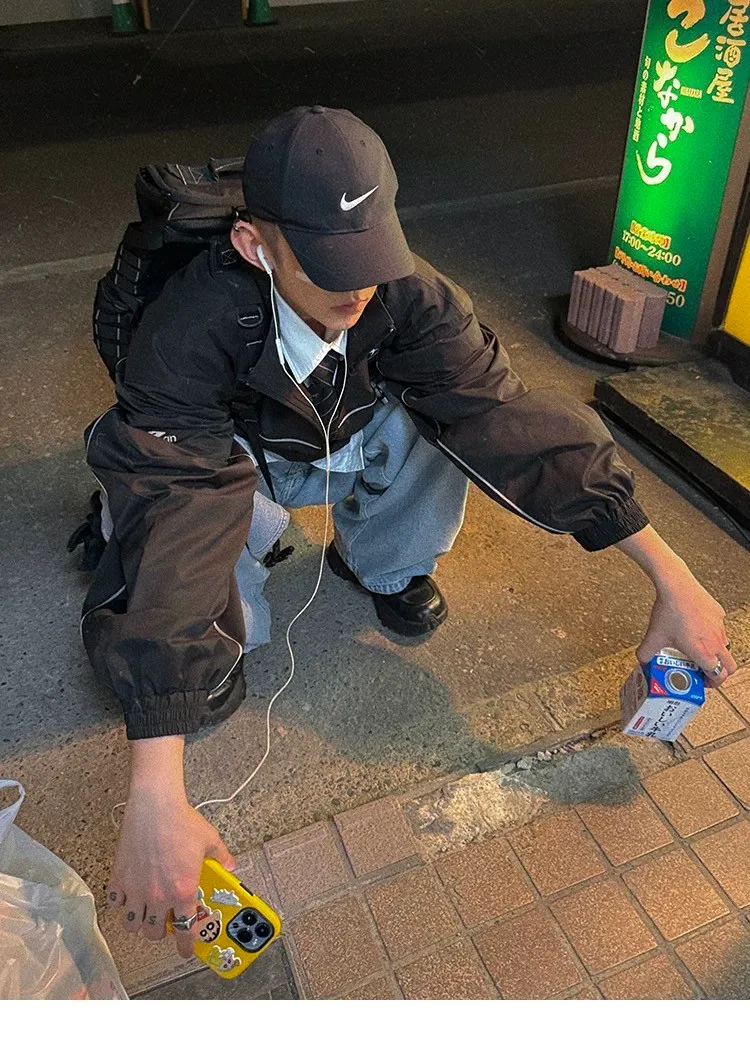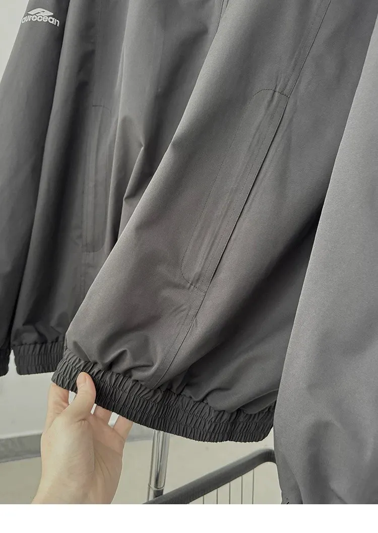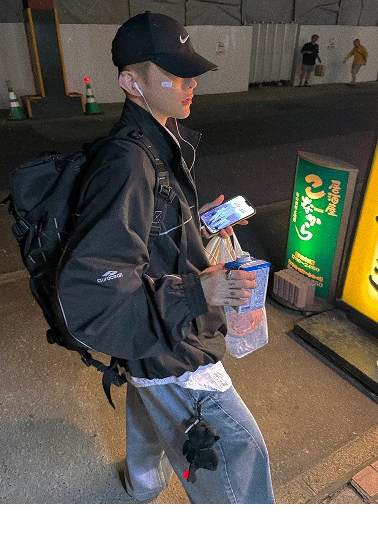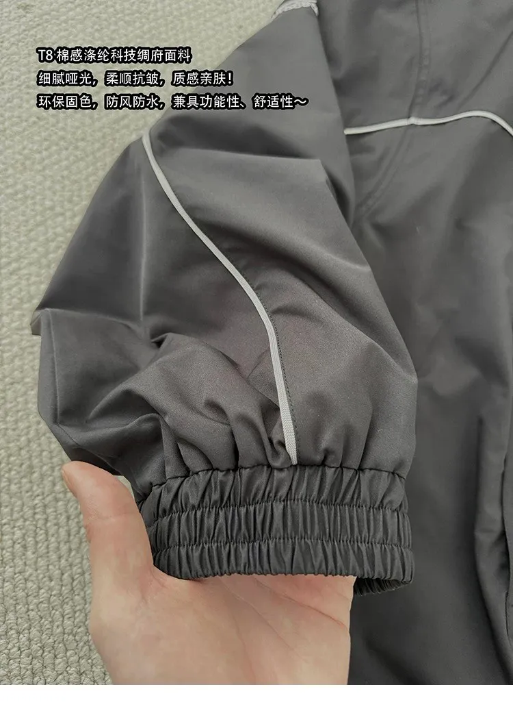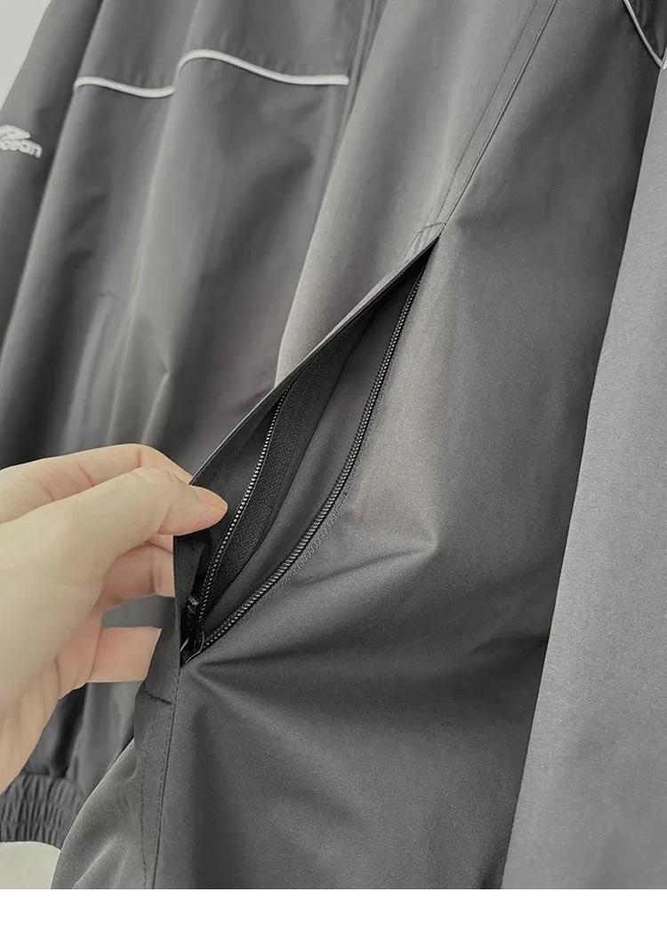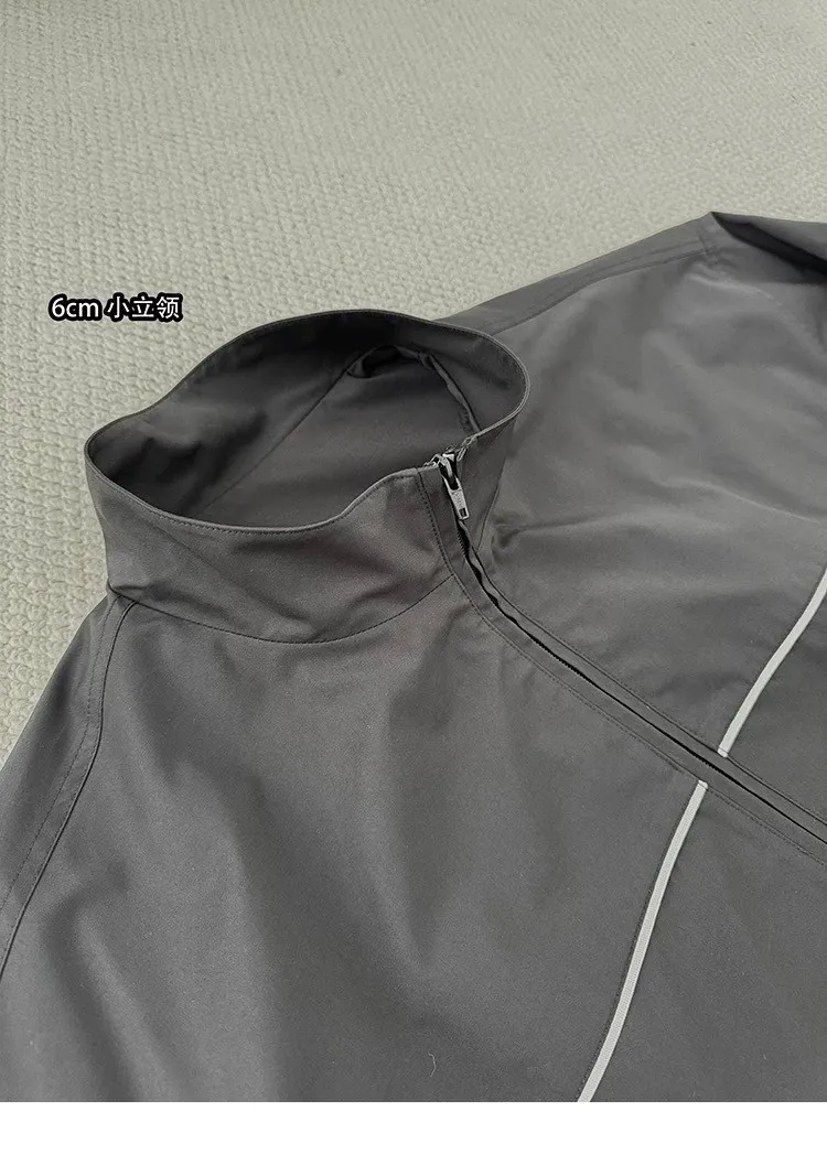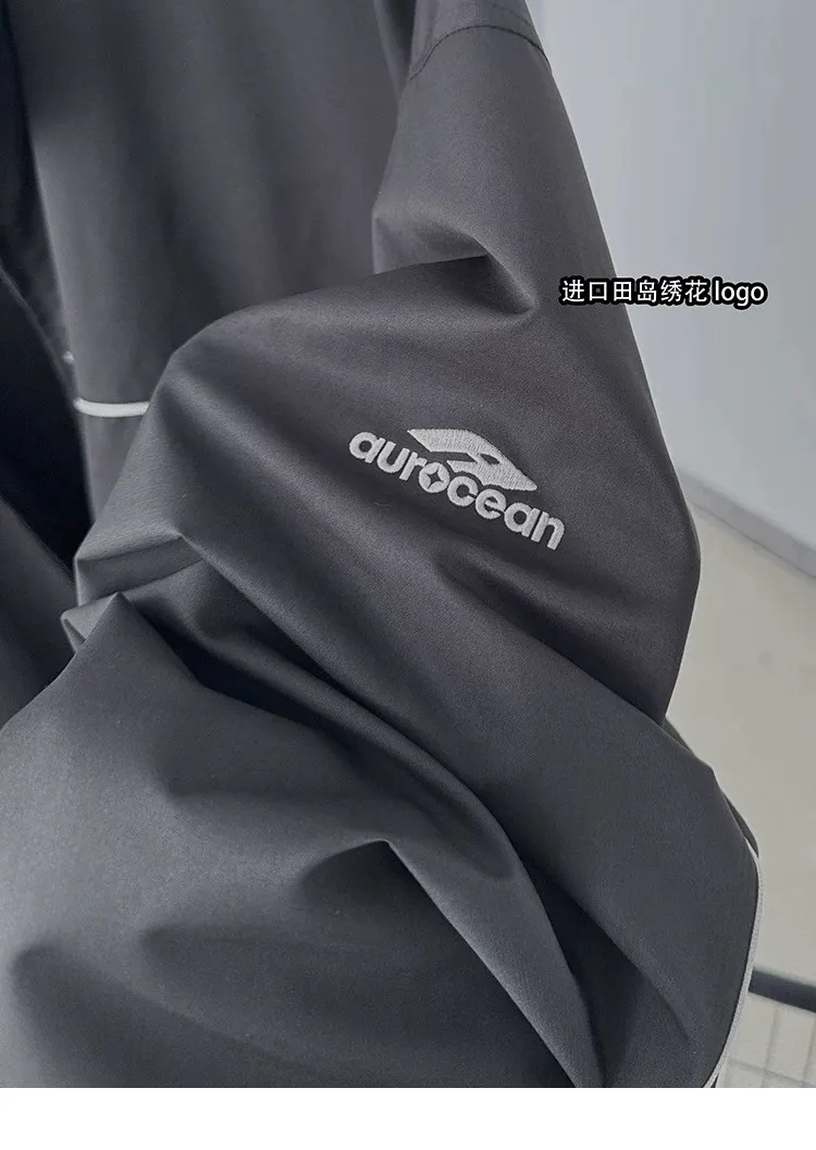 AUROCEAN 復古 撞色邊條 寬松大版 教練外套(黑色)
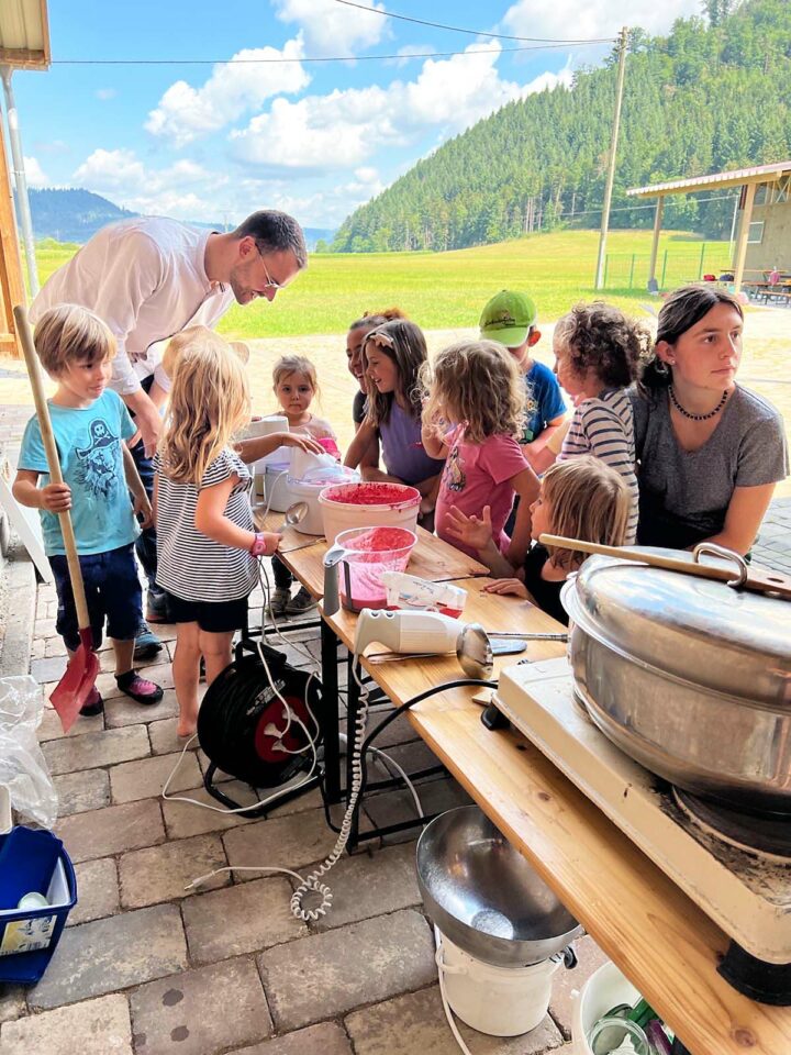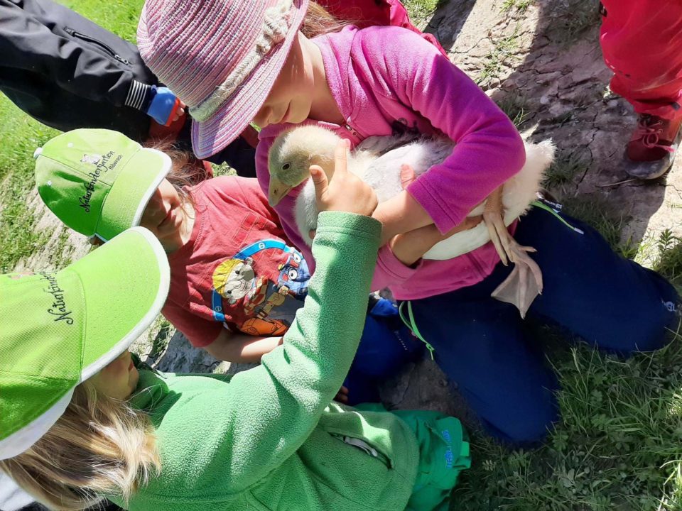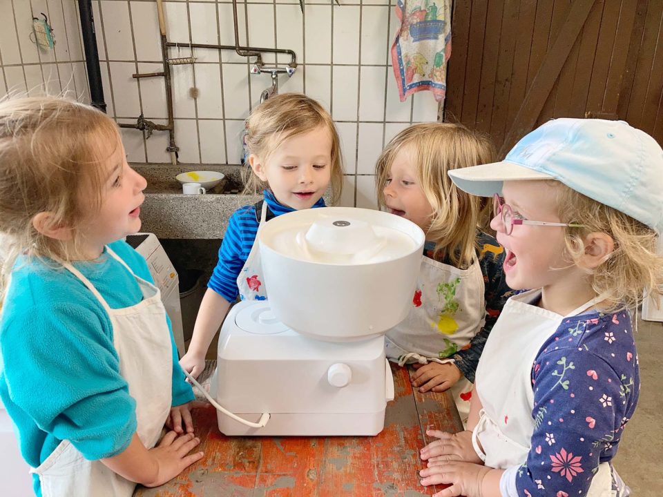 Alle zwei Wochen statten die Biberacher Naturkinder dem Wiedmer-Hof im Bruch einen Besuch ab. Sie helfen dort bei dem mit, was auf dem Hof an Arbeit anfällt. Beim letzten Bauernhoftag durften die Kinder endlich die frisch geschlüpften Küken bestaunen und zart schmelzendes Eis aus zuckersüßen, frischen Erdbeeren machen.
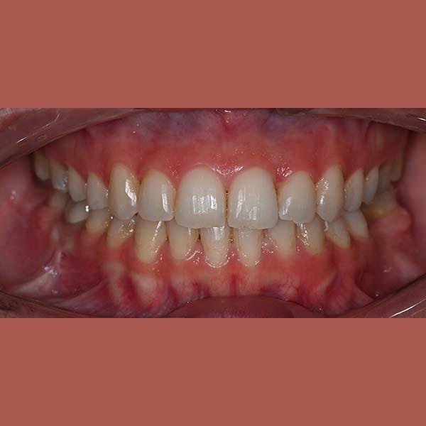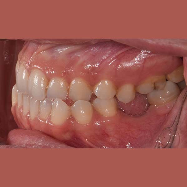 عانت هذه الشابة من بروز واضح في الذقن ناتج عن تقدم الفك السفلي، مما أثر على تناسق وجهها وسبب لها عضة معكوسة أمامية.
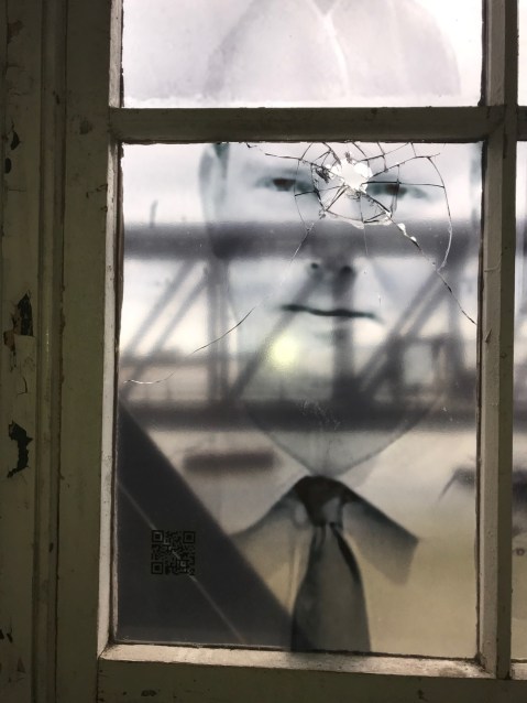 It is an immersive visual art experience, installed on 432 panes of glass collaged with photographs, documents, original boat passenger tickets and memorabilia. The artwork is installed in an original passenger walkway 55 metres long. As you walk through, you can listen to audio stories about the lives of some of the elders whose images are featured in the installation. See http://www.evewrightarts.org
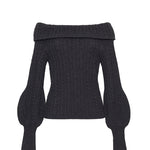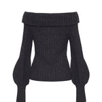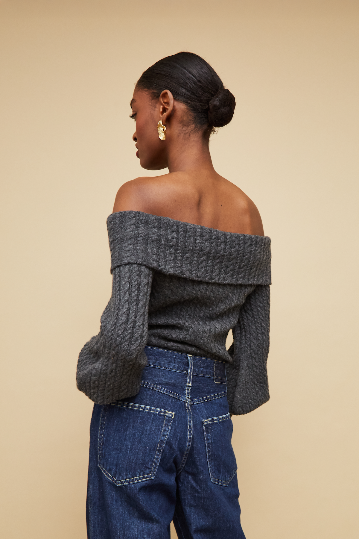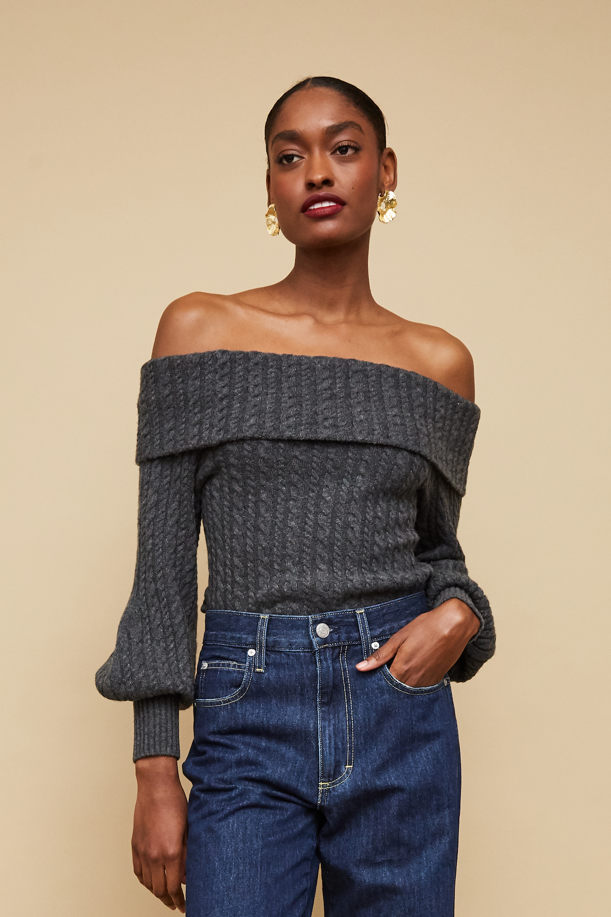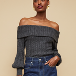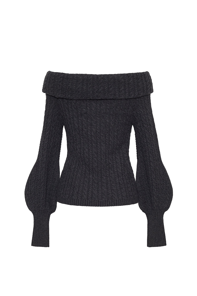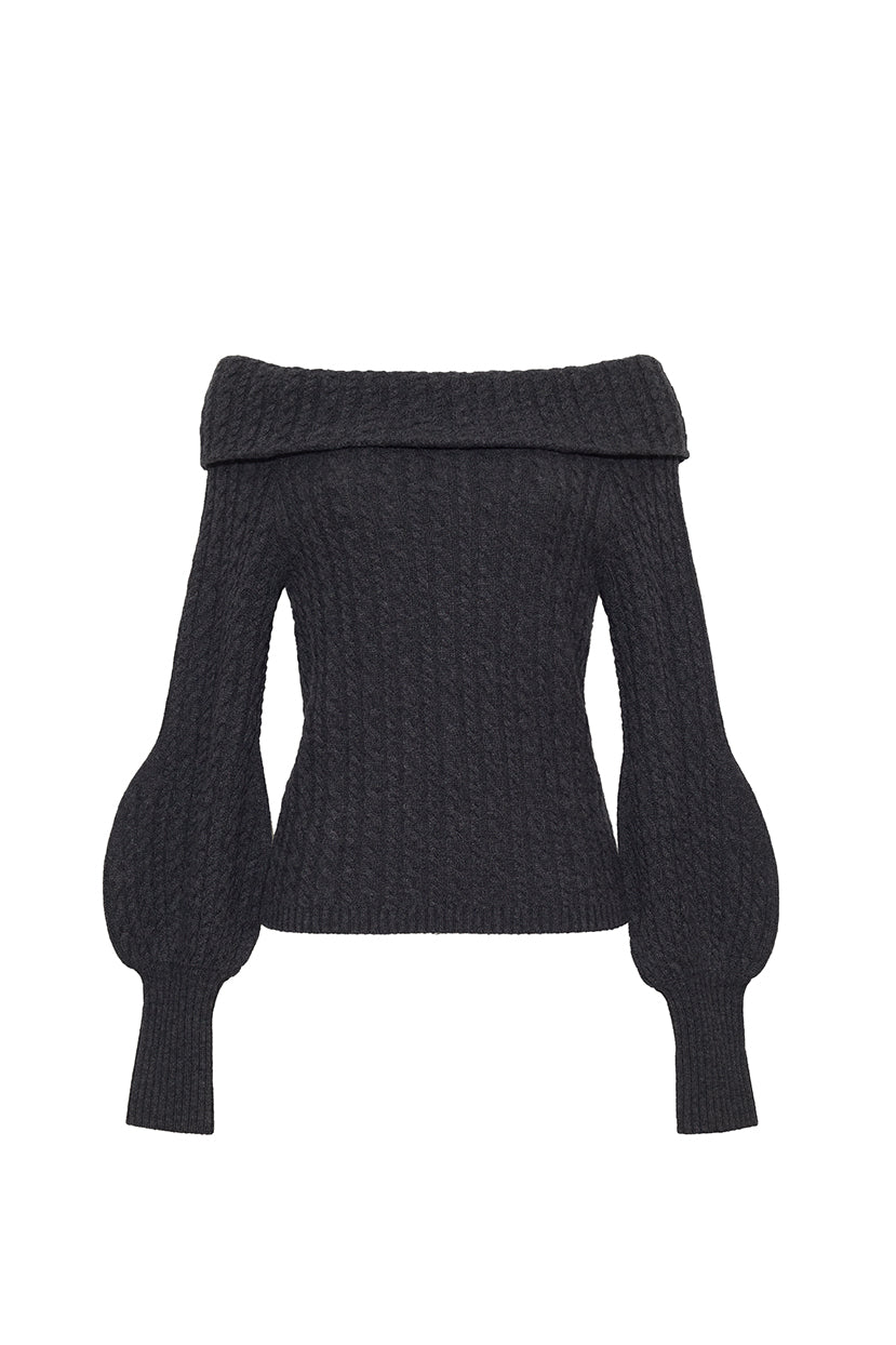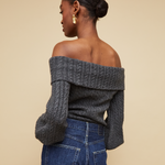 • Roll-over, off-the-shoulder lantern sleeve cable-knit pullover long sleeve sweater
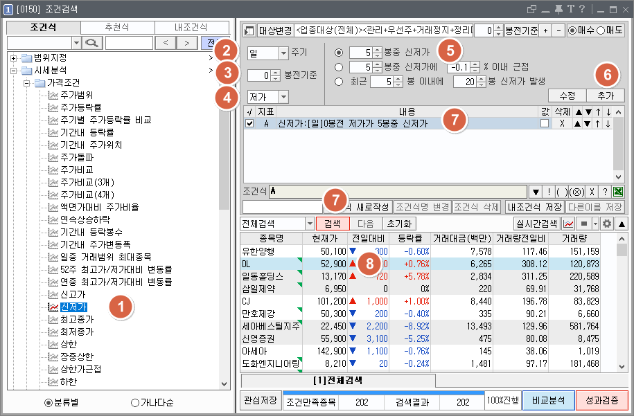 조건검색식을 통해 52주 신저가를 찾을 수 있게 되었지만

__________

Description of the task :: Set down all the entries above verbatim, and include none of the pictures.

Exercise result ::
 AUROCEAN 復古 撞色邊條 寬松大版 教練外套(黑色)
 Alle zwei Wochen statten die Biberacher Naturkinder dem Wiedmer-Hof im Bruch einen Besuch ab. Sie helfen dort bei dem mit, was auf dem Hof an Arbeit anfällt. Beim letzten Bauernhoftag durften die Kinder endlich die frisch geschlüpften Küken bestaunen und zart schmelzendes Eis aus zuckersüßen, frischen Erdbeeren machen.
 عانت هذه الشابة من بروز واضح في الذقن ناتج عن تقدم الفك السفلي، مما أثر على تناسق وجهها وسبب لها عضة معكوسة أمامية.
 It is an immersive visual art experience, installed on 432 panes of glass collaged with photographs, documents, original boat passenger tickets and memorabilia. The artwork is installed in an original passenger walkway 55 metres long. As you walk through, you can listen to audio stories about the lives of some of the elders whose images are featured in the installation. See http://www.evewrightarts.org
 • Roll-over, off-the-shoulder lantern sleeve cable-knit pullover long sleeve sweater
 조건검색식을 통해 52주 신저가를 찾을 수 있게 되었지만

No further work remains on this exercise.